Wow, going back to burned game discs, classy. Ngl, this is hella nostalgic

 

[AngryCinnabon]

I had to update my PS5 because my family uses it (which I respect because they helped buy it.) But this is still really awesome!

 

[Marc_LFD]

I wonder what FW my PS5 is on. I've had it for months and never taken it out of the box yet. Haha.

It's not connected to the internet so you're safe it didn't automatically update.

Most sellers selling their PS4 or PS5 think having the latest firmware is a good idea. It actually devalues if a buyer is looking for a specific FW.

 

[Marc_LFD]

If he releases the exploit. The scene will be back on fire. Backup disks market will be alive again in a lot of countries!!

I guess people will be selling backup copies of PS5 games now. Good to be back to the PS1 and PS2 days.

You fellas not thinking they'll sell on eBay, right?
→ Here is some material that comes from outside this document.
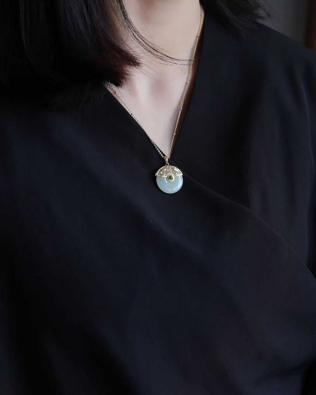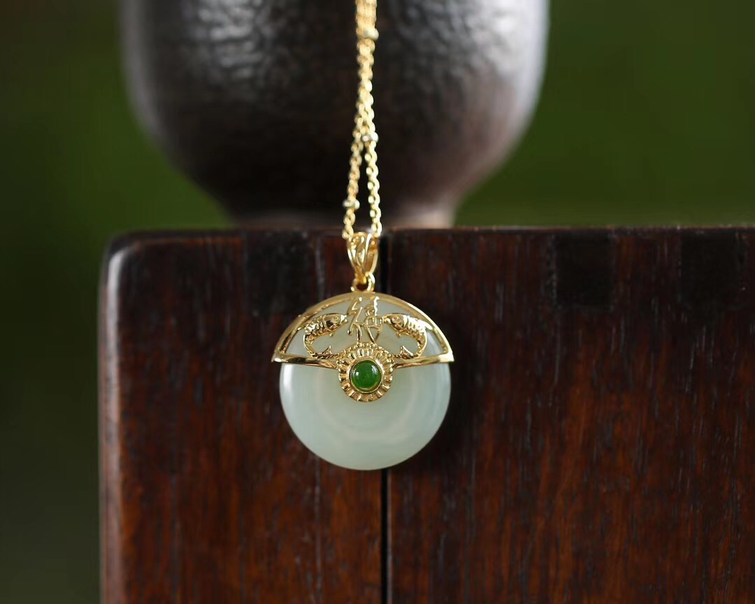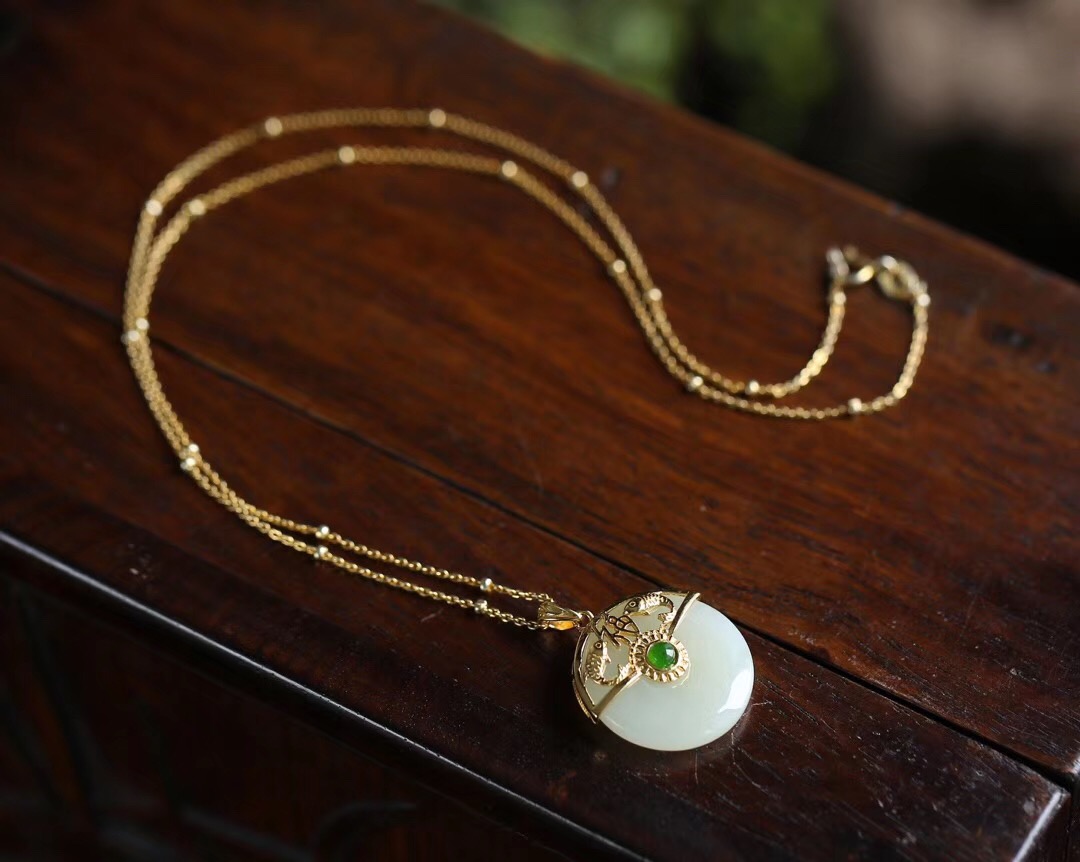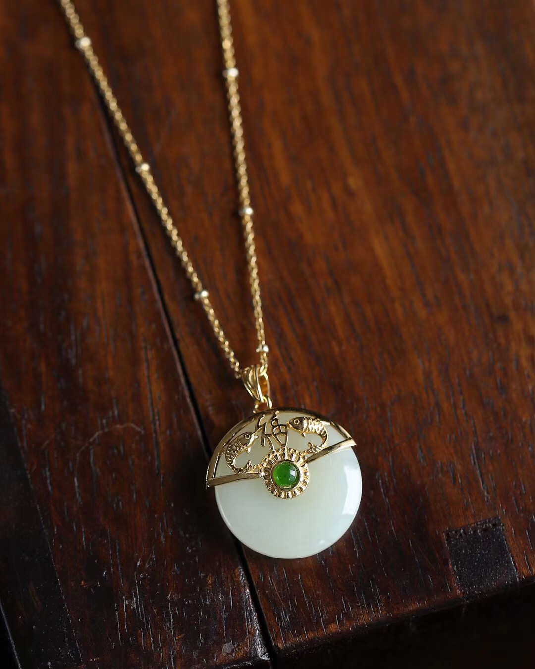 纯银鎏金双鱼福字镶嵌天然和田玉平安扣吊坠

Because those listings would be taken down due to being piracy.

Welp Blue ray drives are either 25gb or 50gb(super expensive). What games will fit there?

PS5 may use a mix of BD25/BD50 (number indicates the amount of GBs), but it's advertised as using UHD discs which are like 100GB.

good luck finding one that isn't a scalper

Back to burning games on expensive discs and having to buy an expensive UHD Disc Burner? I wouldn't.

 

[Valwinz]

cant wait for them not to release it

 

[MikaDubbz]

cant wait for them not to release it

Man this guy is always such a bummer. Even if your outcome is true, why not let people just be excited for a minute.